Western Australia's owner-occupier market remains has slowed substantially in the past two months with the number of housing finance commitments dropping again in October, though the dollar valued rose slightly.
Western Australia's owner-occupier market remains has slowed substantially in the past two months with the number of housing finance commitments dropping again in October, though the dollar valued rose slightly.
The Housing Industry Association said the slowdown was due to the lack of available developed land and three increases in official interest rates this year.
The data confirms anecdotal evidence, including comments made recently by property leader Nigel Satterley, that the boom was over.
Australian Bureau of Statistics figures show nationally there were 62,342 owner-occupier housing commitments worth $13.78bn in October, compared to WA's 8,500 worth $1.84bn.
Housing finance commitments
WA owner-occupiers - dwellings/$
Oct-2006 | 8,500 $1.84bn |
Sep-2006 | 8,609 $1.83bn |
Aug-2006 | 10,076 $2.18bn |
Jul-2006 | 9,537 $2.09bn |
Jun-2006 | 10,044 $2.09bn |
May-2006 | 10,951 $2.24bn |
Apr-2006 | 8,186 $1.6bn |
Mar-2006 | 9,926 $2bn |
Feb-2006 | 8,658 $1.68bn |
Jan-2006 | 7,604 $1.49bn |
Dec-2005 | 8,475 $1.64bn |
Nov-2005 | 9,044 $1.72bn |
Oct-2005 | 8,057 $1.5bn |
Source: ABS
Below is an announcement from the HIA:
The lack of available developed land and three increases in official interest rates this year continues to show up in updates on the housing sector in Western Australia.

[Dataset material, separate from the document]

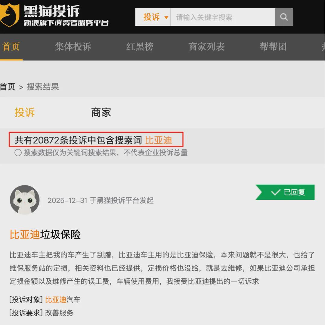除了密集召回,比亚迪在黑猫投诉平台的投诉数量也较多。在黑猫投诉搜索比亚迪,与之相关的投诉量达到20872条,其中“比亚迪汽车产品质量问题”“比亚迪汽车充电桩权益”“比亚迪宋LEV不到一年问题不断”等与产品质量相关的问题,屡见不鲜。

Figures released today for Australia show that housing finance for owner occupiers was effectively flat in October and lending has been trending down since mid year.

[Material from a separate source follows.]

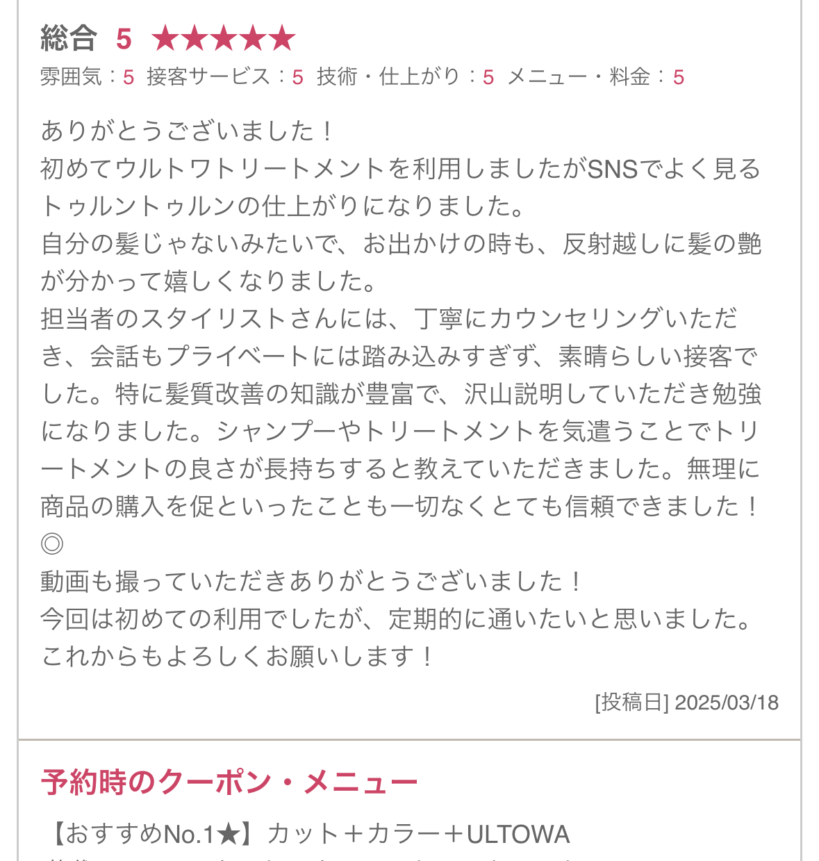 ULTOWA(ウルトワ)髪質改善トリートメントをされたお客様は

Housing Finance for October showed total home lending across Australia fell by the barest of margins, 0.1 per cent, to 61,819 loans. Loans for the construction of a dwelling rose by 0.5 per cent to 4,549 while loans for the purchase of a recently completed home eased by 0.5 per cent to 2,719. In the established home market, loans ticked down by 0.1 per cent to 54,551.
Australia's peak housing body, HIA, said that the lack of suitably developed land and the associated high land costs, higher interest rates, and an excessive regulatory burden were being reflected in lower levels of new home building in Western Australia.
HIA Director of Government and Media Relations, Ms Sheryl Chaffer said that there were signs that the new housing sector was cooling significantly with all the early indicators - new home sales, building approvals, and housing finance - all showing a downwards trend in Western Australia.
"Home buyers are struggling to bridge the deposit gap and that fact, together with supply constraints, suggests a subdued year ahead for new housing activity," Ms Chaffer said.
The proportion of first home buyers increased from 17.4 per cent in September to 17.7 per cent in October across Australia. In Western Australia first home buyers fell from 13.6% to 13.3% in October, having fallen now for the fifth month in a row. Since the beginning of the year first home buyers as a proportion of the market have fallen from 18.1% to the current 13.3%.
"The decline in first home buyers in October is further proof that the market in Western Australia is struggling to remain an affordable option for the first home buyer," said Ms Chaffer.
On a state by state basis, the total number of seasonally adjusted owner occupied housing commitments fell by 8 per cent in Tasmania, by 5.1 per cent in Western Australia, by 4.4 per cent in South Australia, by 1.2 per cent in Victoria, and by 0.7 per cent in the Northern Territory. Increases were recorded in Queensland, up 0.8 per cent, New South Wales, up 1.1 per cent, and the Australian Capital Territory, up 4.2 per cent.